DeRosa was founder of IAJE, American Jazz Venues

Clem DeRosa, a major figure in jazz performance and education, died Dec. 20. Succumbing after a long struggle with cancer, he was surrounded by family at his home in Dallas, Texas, where he had moved earlier in the year.

The world of jazz education owes much to DeRosa, as do all followers of big band music. An internationally respected musician, educator, professional conductor/bandleader, composer, arranger, drummer, and author, DeRosa’s career dates back to the 1950s. His greatest legacy was as one of the pioneers of jazz education. He was perhaps the first public school educator to instill a solid jazz curriculum and teaching method. His approach became nationally recognized because it produced young high school jazz bands that sounded astonishingly professional.

Based in Long Island in the mid-1960s, his high school jazz ensembles appeared on the Johnny Carson and Merv Griffin television shows. He appeared at the Newport Jazz Festival with the McDonald’s High School Jazz Ensemble.

Besides his high school work, he taught master classes at such distinguished institutions as Harvard, the Paris Conservatory, the Manhattan School of Music, Juilliard, the University of North Texas, Hofstra, Indiana University, and the Berklee College of Music.

His performance career was equally distinguished, appearing and/or recording with the likes of Jimmy Dorsey, Clark Terry, Phil Woods, Charles Mingus, Ben Webster, John LaPorta, Marian and Jimmy McPartland, Claude Thornhill, and others.

In 1961, he was named the New York State Teacher of the Year. Around this same time, he was co-founder and served on the original faculty of the Stan Kenton Clinics, one of the first formal jazz education programs.

He was a co-founder and past president of the International Association for Jazz Education [IAJE], and was inducted into the IAJE Hall of Fame in 1990. More recently, he was inducted into the National Jazz Museum of Harlem (2008). He received the Manhattan School of Music alumni award for achievements in jazz education in 2009.

His performance skills enabled him to play with major jazz bands from the age of 15. His early musical career was interrupted by Army service during World War II, where he was a member of the Glenn Miller band. Returning from service, he gave up the rigors of a performance career for the stability of teaching, which allowed him to grow and care for his family. Upon his retirement from music education in 1980, DeRosa returned to touring the world as a professional bandleader for the Glenn Miller, Jimmy Dorsey, and Benny Goodman orchestras. He was also a co-author of several books including ones with Mel Lewis, Dick Hyman, Michael Moore, and Ed Shaugnessy.

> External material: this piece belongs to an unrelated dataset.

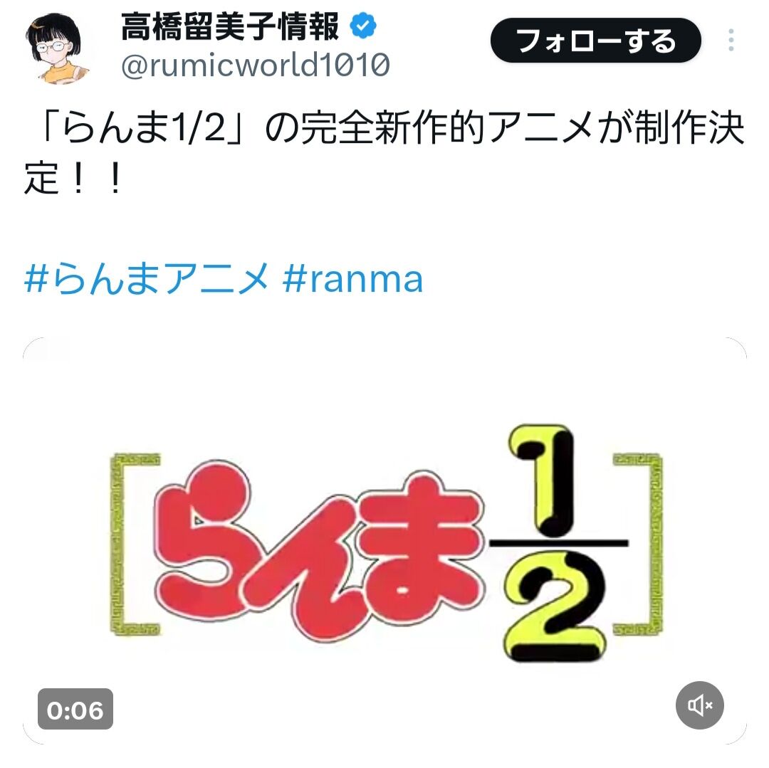 さらにアニメ『らんま1/2』の公式Xも開設され、「『らんま1/2」完全新作的アニメ制作決定! 高橋留美子先生による格闘ラブコメディーの名作を新作アニメ化します」と発表。
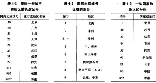 國內(nèi)長途區(qū)號是用于區(qū)別同一內(nèi)不同編號區(qū)域的號碼,我國采用不等長區(qū)號,區(qū)號位長為2位~4位。其中10為北京;IX(1=0-9)為特大城市或大區(qū)中心城市本地長途區(qū)號;XYZ(X=3-9,y為奇數(shù),Z=0~9)用于省會和省轄市;縣級長途區(qū)號為4位。表4-1所示為我國一些城市和地區(qū)的國內(nèi)長途區(qū)號。隨著C3本地網(wǎng)的建立,各縣的長途區(qū)號均與C3局一致,只有少數(shù)偏遠(yuǎn)地區(qū)尚未建立C3本地網(wǎng),仍保持4位長途區(qū)號。撥打國內(nèi)長途電話,首先撥國內(nèi)長途冠號“0”,然后撥國內(nèi)長途區(qū)號和本地號碼。

His latest endeavor was American Jazz Venues, a non-profit organization that he established in 2003. AJV has the singular focus on the health and survival of America’s indigenous musical art form, jazz, and strives to grow a new generation of fans. The musical voice of AJV is the American Jazz Repertory Orchestra, a 16-piece big band that plays faithful renditions of the major jazz tunes of the 20th century. DeRosa’s most recent appearance with his American Jazz Repertory Orchestra was at Villanova University in March, 2011, commemorating the 50th anniversary of Villanova Jazz Festival.

Earlier last year, DeRosa moved from New Jersey to Texas, to be nearer his family. He had announced that he was stepping down from the presidency of AJV, and at the next Board meeting a transition plan was (and is) to be put into place.

A memorial service is being planned for the New York Metropolitan area for mid-May, 2012. Clem DeRosa was 86.